Vi o filme na segunda e achei muito divertido. Não achei que estava muito escuro/sombrio, a não ser na parte do foço, mas acho que essa era a ideia dessa parte. De resto, achei com bastante cor.
Sobre os personagens, o Arthur/Aquaman me pareceu um cara grandão de quem eu iria gostar de ser amiga, irmã, prima, sei lá. Um cara bem legal. A Mera foi minha personagem preferida, principalmente por sempre ter coragem de fazer o que achava certo, mesmo com medo de não poder voltar. A Amber Heard falou em entrevista que usou peruca. Num primeiro momento achei que ela devia ter pintado o cabelo.
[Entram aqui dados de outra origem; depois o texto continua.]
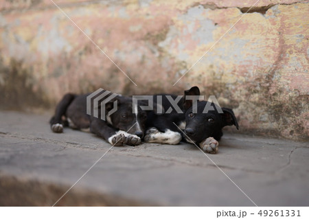 インドの山岳地帯 スピティ谷のカザ 可愛い野良犬 昼寝中の子犬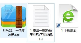 1、在麦葱站下载FIFA22十一项修改器压缩包并解压。

Aí lembrei de uma amiga que pintou o cabelo de vermelho e disse que se sentia a Carrie (Carrie, a estranha) na cena do baile toda vez que lavava o cabelo. Imagino que isso, e o fato do cabelo se mexendo debaixo d'água serem de computação gráfica tenham ajudado na sensação de cabelo falso. Provavelmente devem ter feito o mesmo com o cabelo da Nicole Kidman.

Exsencialmente essa imagem do Aquaman vem dos anos 90. Foi muito importante para a manutenção do personagem, que era considerado pelo público como uma piada. Acho que se Snyder tivesse permanecido, teríamos tido a clássica cena da perda da mão e sua substituição por um arpão.
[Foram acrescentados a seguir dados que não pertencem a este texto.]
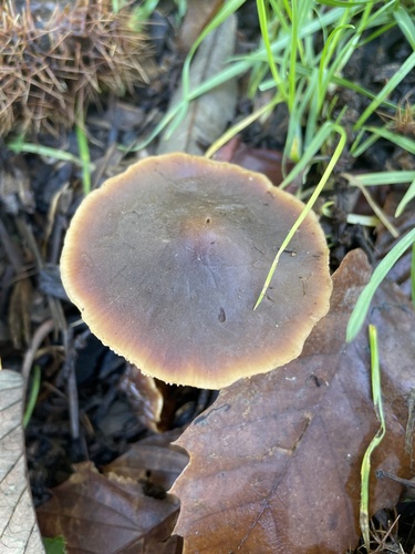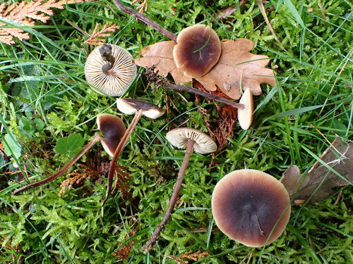 Der 1–5 cm breite Hut ist braun-orange-weiß-gelb gefärbt. Die Form ist meist schirmförmig, andere, kegelförmig. Er ist hygrophan (Die Hutfarbe ändert sich bei Feuchtigkeit).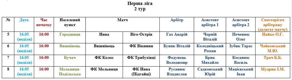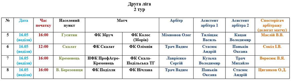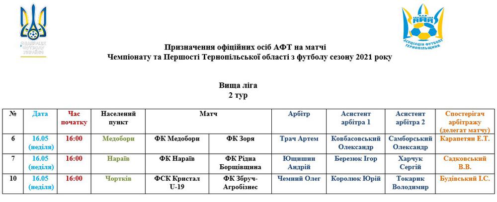 Призначення офіційних осіб АФТ на матчі 16 травня

https://vignette.wikia.nocookie.net/marvel_dc/images/4/47/Aquaman_Vol_5_3.jpg/revision/latest?cb=20150419004605

Depois retrocederam isso nos quadrinhos e voltaram dentro do possível ao original. Parece que agora a ordem é conciliar as duas visões e arrancar um Aquaman definitivo do meio disso tudo.

Esse eu passei. Sei que parece divertido, mas não me empolguei em ver. Diante de tantos filmes que a criançada queria ver nas férias, esse ficou de escanteio.